I wanted to fight like a warrior princess, so on that day I walked 2 ½ miles – 28 laps around 11 Long.
I now go to clinic every other week to check my blood counts. Here is what they were on my last visit; totally normal!!!
White Blood Cells - Me: 4.9 Normal: 3.4-10
Neutrophils - Me: 2.15 Normal: 1.8-6.8
Today, August 16th is the one-year anniversary of the day my head was shaved and my counts hit zero. More importantly to me, it is my dad’s birthday. I am incredibly fortunate to have parents who have been at my side every second. And I am so thankful that this year we will not be celebrating my dad’s birthday in the hospital.
Happy Birthday to the best dad!
July 20, 2013
Where are my frozen eggs?
I can hardly believe that last July I was sitting across from a fertility doctor trying to decide whether to delay my cancer treatments in order to preserve my fertility, since the toxic chemotherapy and full body radiation would kill my ovaries and all of my eggs – and any chance of having my own children someday.
July was a painful month, physically and emotionally. I received the same amount of hormones given to healthy women undergoing IVF over several months condensed into three weeks. I had to give myself multiple shots in the stomach each day and go to the doctor for an ultrasound every morning at 7am. The hormones sped up egg maturation, until they were ready to be extracted through a minor surgery.
My eggs are now in a cryogenic freezer somewhere – I picture a huge underground modern facility out in the middle of the desert, sort of Austin Powers-esque, with big stainless steal tubes surrounded by cold steam. But really I think they are in a mini dorm style Kenmore fridge in the hospital break room, next to some really old frozen lasagna. When I asked none of the UCSF nurses or doctors actually knew where the eggs are stored.
There are still many unknowns about whether I will be able to have my own children (I am the very first woman to freeze eggs while taking the chemotherapy pill that I was on so it is unknown what the impact will be), but I feel extremely lucky that I had the choice to undergo fertility preservation.

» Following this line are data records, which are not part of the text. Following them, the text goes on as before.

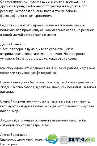 Ужасные фото некой Екатерины, которая умудрилась кормить своего ребенка с помощью вещей из сек*-шопа взбудоражили едва ли не весь интернет. Не остались в стороне от этого вопиющего случая и многие звезды отечественного шоу-бизнеса. Так, например, Ксения Бородина высказала мнение, что поведение этой женщины совершенно недопустимо и к ней должны быть приняты меры со стороны соответствующих органов, пишет сайт www.gazeta.kg.
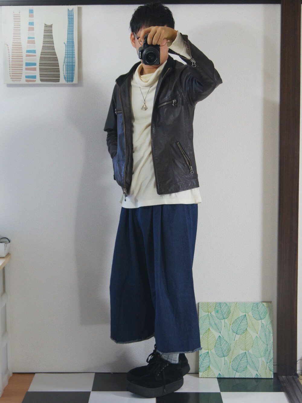 タートルネックのTシャツとライダースとワイドパンツ 服のサイズ感だけこだわって後はシンプル、シンプルに……
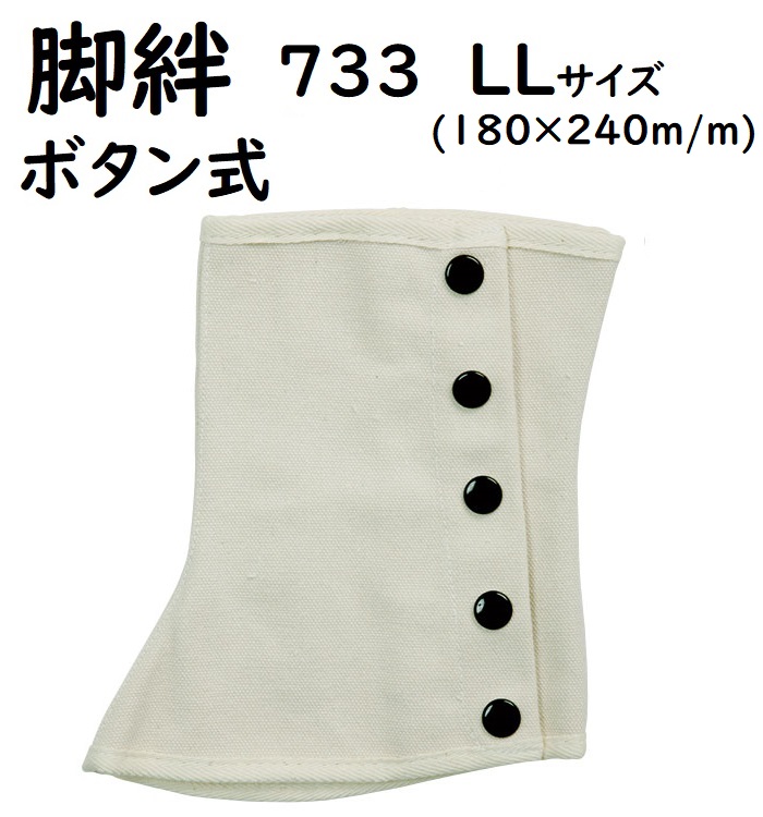 脚判きゃはん(足カバー) ■メーカー:南村製作所 ■品番:733 ■型式:ボタン式 ■サイズ:LL(180×240m/m) ■素材:綿、ポリエステル

Most cancer patients do not. My oncologist, a woman about my age with two young children, allowed me to postpone my more toxic chemotherapy so that I could have this treatment. That is something that many oncologists do not consider. It is also an incredibly expensive process that is not covered by insurance; so many patients cannot afford it. I have met several young women who have survived bone marrow transplants but now will never be able to have their own children.
Today marks three months until the Nike Women’s Marathon. I still cannot believe that there is a group of 60 people – all of you – training for this race and raising money to make sure blood cancer, and all of the related complications like fertility, become a thing of the past in the very near future.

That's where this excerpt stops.